0.047 seconds (000:00:00) (all OK)

C:\tmp\collision>mkdir result-256

C:\tmp\collision>cd result-256

C:\tmp\collision\result-256>..\zpaqfranz.exe x ..\baad-2.zpaqf
zpaqfranz v58.10o-JIT-GUI-L,HW BLAKE3,SHA1/2,SFX64 v55.1,(2023-10-01)
franz:-noconsole
../baad-2.zpaqf:
1 versions, 3 files, 1.982 bytes (1.94 KB)
Extract 1.280 bytes (1.25 KB) in 2 files (1 folders) / 8 T

0.032 seconds (000:00:00) (all OK)

C:\tmp\collision\result-256>openssl dgst -sha256 baad\*
SHA256(baad\messageA)= 3ead211681cec93d265c8ac123dd062e105408cebf82fa6e2b126f4f40bcb88c
SHA256(baad\messageB)= 3ead211681cec93d265c8ac123dd062e105408cebf82fa6e2b126f4f40bcb88c

collision-example.zip

fcorbelli commented 11 months ago

In the attached experimental file you will see a zpaqfranz immune to SHA-1 collisions

BUT

no more backward compatible exp01.zip

ghost commented 11 months ago

Personally, I would not want to sacrifice backward compatibility, and it's hard to believe that it would be impossible to keep it:

Intuitively, to have "immunity" you just have to store the file or fragment for which you know that the two different checksums don't match -- which just means that you have to avoid "deduplication", nothing more. I can't imagine that the original format would not allow that.

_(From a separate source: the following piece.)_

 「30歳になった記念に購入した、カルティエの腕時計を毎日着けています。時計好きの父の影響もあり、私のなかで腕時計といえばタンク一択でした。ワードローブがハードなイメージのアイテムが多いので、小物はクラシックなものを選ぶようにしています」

fcorbelli commented 11 months ago

Personally, I would not want to sacrifice backward compatibility,

Neither me 😄

and it's hard to believe that it would be impossible to keep it:

It is

Intuitively, to have "immunity" you just have to store the file or fragment for which you know that the two different checksums don't match -- which just means that you have to avoid "deduplication", nothing more. I can't imagine that the original format would not allow that.

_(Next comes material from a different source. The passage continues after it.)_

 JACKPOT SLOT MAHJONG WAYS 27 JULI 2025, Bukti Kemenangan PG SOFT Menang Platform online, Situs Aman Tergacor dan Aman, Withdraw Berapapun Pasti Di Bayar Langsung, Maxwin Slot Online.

You do NOT know that don't match UNTIL you already store in the archive the colliding files, whose fragments can be referenced from another "legit" one

Therefore...

0) you cannot "grow" the space for the hash (20 bytes, that's all), neither use another one (just like EXP01) 1) you have to create another fake transaction logically deleting the "collisionated" files (wasting space) 2) cannot (easily) turn off the deduplicator, unless you want to make a new hacked-entry-file (a lot of work). If the file is big, you "trash" a lot of space 3) you must READ AGAIN all colliding files, XORING (!!!) to "trick" SHA-1 collision, store again, and keep a new hacked entry file (!!!) to be XORted again when restored. The result is just the same (storing every byte, no deduplication at all)

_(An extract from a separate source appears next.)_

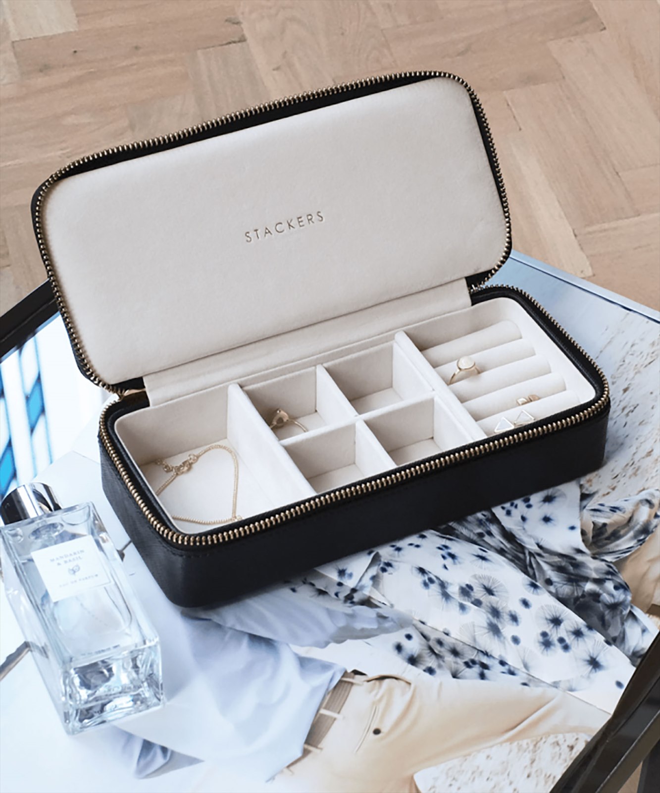 - 内部仕切りと優しいベルベットでお気に入りのジュエリーを保護し、持ち運びも安心です。

A really hell of a work, and reaaaalllyyyy slow

EXP01 does not use SHA-1, but XXH3 (+ optional CRC-32) as hasher Everything else is the same

fcorbelli commented 11 months ago

The compatibility problem concerns the inability to store a different code for each fragment. For example, a CRC-32. In this case you would have a different equality condition than now

Today

if

SHA-1(frammento1)==SHA-1(frammento2) => frammento1==frammento2

There is no space, in the archive formato, to store (for example) 4 more bytes for each fragment, to do

if

(SHA-1(frammento1)==SHA-1(frammento2))

AND

(CRC-32(frammento1)==CRC-32(frammento2))

=> frammento1==frammento2

Increasing the size from today's 20 bytes would make zpaq totally incompatible. At that point we might as well increase it to 32, or better yet to fixed but variable length (a couple of bits to specify its length in bytes, e.g. 20,32,36,64), and change hash algorithm altogether (e.g. SHA-256, SHA-256 with CRC32, SHA-256+SHA-3 (!))

ghost commented 11 months ago

There is no space, in the archive formato, to store (for example) 4 more bytes for each fragment, to do

You don't need to store more than 4 bytes for each fragment, you can store "real" sha1 for all normal fragments and you can store an adjusted sha1 value for the conflicting fragment. The conflict can be known during the process of the archive creation by maintaining additional checksum, and that is what your program already does?

Edit: wait not 4, sha1 is 20 bytes. So is the format already using 20 bytes for each fragment's sha1 or not? If it does, like I've said then the "adjusted" value can be stored for the conflicting fragment.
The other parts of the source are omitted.